Department of Radiology, University Medical Center of Groningen, Groningen, 9713GZ, The Netherlands.
Department of Oral Surgery of the Medical Spectrum Twente (MST), Enschede, 7500KA, The Netherlands.
Eur Radiol Exp. 2024 May 20;8(1):63. doi: 10.1186/s41747-024-00459-9.
Emphysema influences the appearance of lung tissue in computed tomography (CT). We evaluated whether this affects lung nodule detection by artificial intelligence (AI) and human readers (HR).
Individuals were selected from the "Lifelines" cohort who had undergone low-dose chest CT. Nodules in individuals without emphysema were matched to similar-sized nodules in individuals with at least moderate emphysema. AI results for nodular findings of 30-100 mm and 101-300 mm were compared to those of HR; two expert radiologists blindly reviewed discrepancies.
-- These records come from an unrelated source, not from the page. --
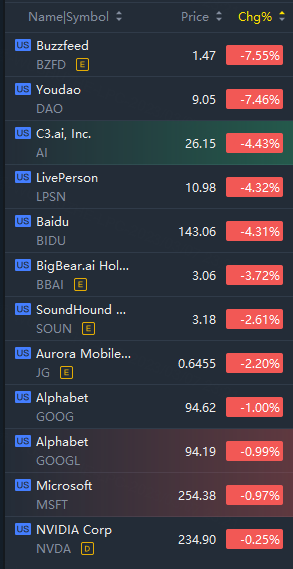 ChatGPT stocks turned red after Powell's speech; Buzzfeed and Youdao fell over 7%.
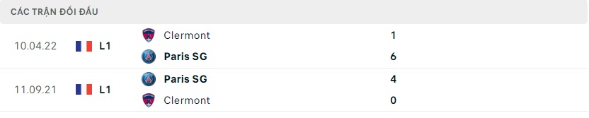 Thành tích đối đầu Clermont vs Paris Saint-Germain
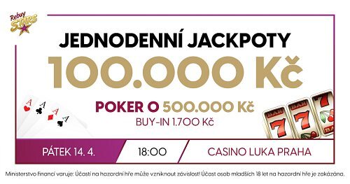 V pátek 14. dubna budeme v pražském Rebuy Stars Casinu Luka hrát celkem o 600.000 korun. Pokerový turnaj nabídne garanci 500.000 korun a další lákavé bonusy v hodnotě 100.000 Kč rozdělíme díky speciální Slot Jackpot Night.
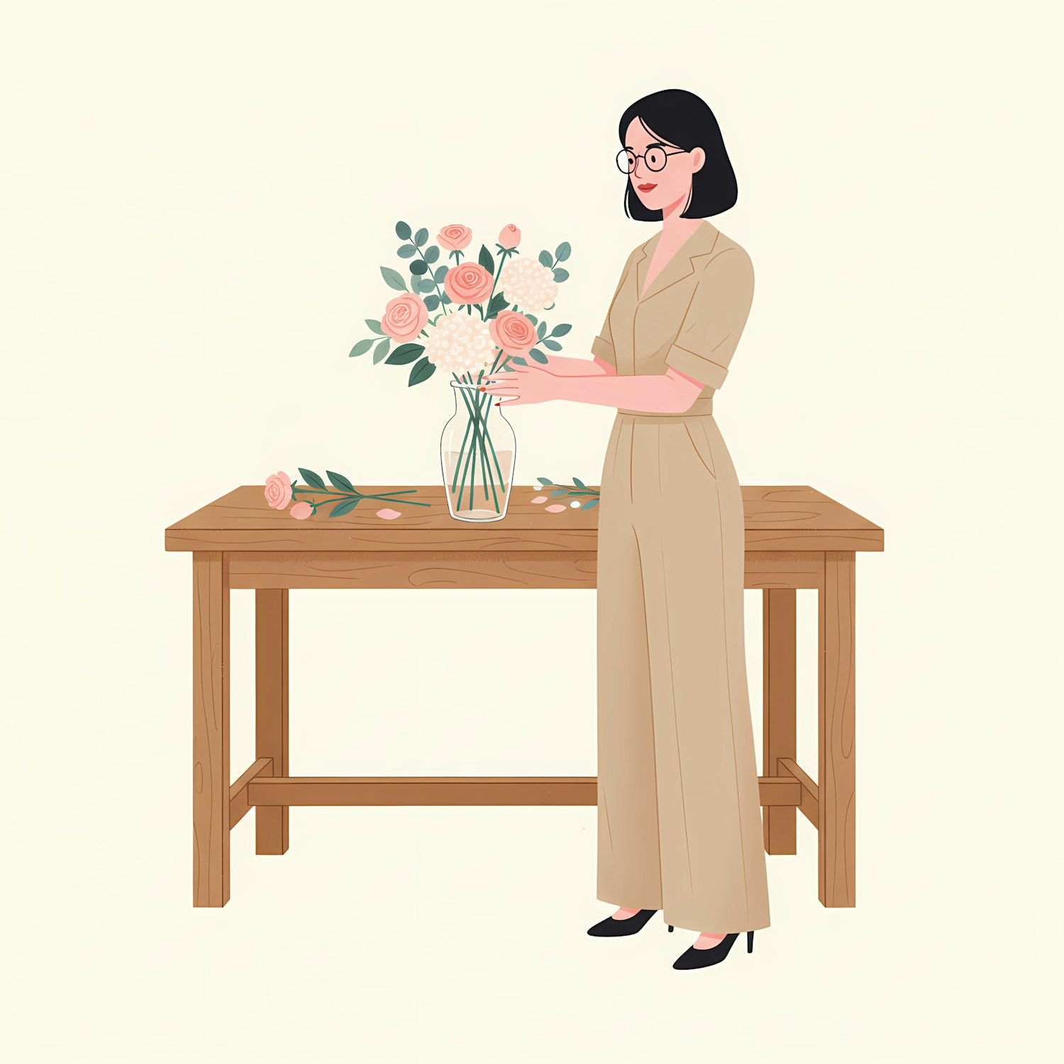 A woman arranges a bouquet of pink roses and white hydrangeas in a vase on a wooden table, wearing a beige jumpsuit and glasses.

Sensitivity and false positives (FPs)/scan were compared for emphysema and non-emphysema groups.
Thirty-nine participants with and 82 without emphysema were included (n = 121, aged 61 ± 8 years (mean ± standard deviation), 58/121 males (47.9%)). AI and HR detected 196 and 206 nodular findings, respectively, yielding 109 concordant nodules and 184 discrepancies, including 118 true nodules. For AI, sensitivity was 0.68 (95% confidence interval 0.57-0.77) in emphysema versus 0.71 (0.62-0.78) in non-emphysema, with FPs/scan 0.51 and 0.22, respectively (p = 0.028). For HR, sensitivity was 0.76 (0.65-0.84) and 0.80 (0.72-0.86), with FPs/scan of 0.15 and 0.27 (p = 0.230). Overall sensitivity was slightly higher for HR than for AI, but this difference disappeared after the exclusion of benign lymph nodes. FPs/scan were higher for AI in emphysema than in non-emphysema (p = 0.028), while FPs/scan for HR were higher than AI for 30-100 mm nodules in non-emphysema (p = 0.009).
AI resulted in more FPs/scan in emphysema compared to non-emphysema, a difference not observed for HR.
In the creation of a benchmark dataset to validate AI software for lung nodule detection, the inclusion of emphysema cases is important due to the additional number of FPs.
• The sensitivity of nodule detection by AI was similar in emphysema and non-emphysema. • AI had more FPs/scan in emphysema compared to non-emphysema. • Sensitivity and FPs/scan by the human reader were comparable for emphysema and non-emphysema. • Emphysema and non-emphysema representation in benchmark dataset is important for validating AI.
肺气肿会影响计算机断层扫描(CT)中肺组织的外观。我们评估了这是否会影响人工智能(AI)和人类读者(HR)对肺结节的检测。
从“生命线”队列中选择接受低剂量胸部 CT 的个体。在没有肺气肿的个体中匹配与至少中度肺气肿的个体中相似大小的结节。比较 AI 对 30-100mm 和 101-300mm 结节的检测结果与 HR 的结果;两位专家放射科医生对差异进行了盲法审查。比较肺气肿和非肺气肿组的敏感性和假阳性(FP)/扫描。
共纳入 39 名肺气肿患者和 82 名非肺气肿患者(n=121,年龄 61±8 岁(均值±标准差),58/121 名男性(47.9%))。AI 和 HR 分别检测到 196 个和 206 个结节发现,分别有 109 个结节一致,184 个不一致,包括 118 个真正的结节。对于 AI,肺气肿中的敏感性为 0.68(95%置信区间 0.57-0.77),非肺气肿中为 0.71(0.62-0.78),FP/扫描分别为 0.51 和 0.22(p=0.028)。对于 HR,敏感性分别为 0.76(0.65-0.84)和 0.80(0.72-0.86),FP/扫描分别为 0.15 和 0.27(p=0.230)。HR 的总体敏感性略高于 AI,但在排除良性淋巴结后,这种差异消失了。与非肺气肿相比,AI 在肺气肿中的 FP/扫描更高(p=0.028),而对于非肺气肿的 30-100mm 结节,HR 的 FP/扫描高于 AI(p=0.009)。
与非肺气肿相比,AI 在肺气肿中产生了更多的 FP/扫描,而 HR 则没有观察到这种差异。
在创建用于验证肺结节检测人工智能软件的基准数据集时,由于 FP 的数量增加,纳入肺气肿病例很重要。
人工智能检测结节的敏感性在肺气肿和非肺气肿中相似。
AI 在肺气肿中的 FP/扫描量多于非肺气肿。
肺气肿和非肺气肿的 HR 敏感性和 FP/扫描量相当。
验证 AI 时,基准数据集中肺气肿和非肺气肿的代表性很重要。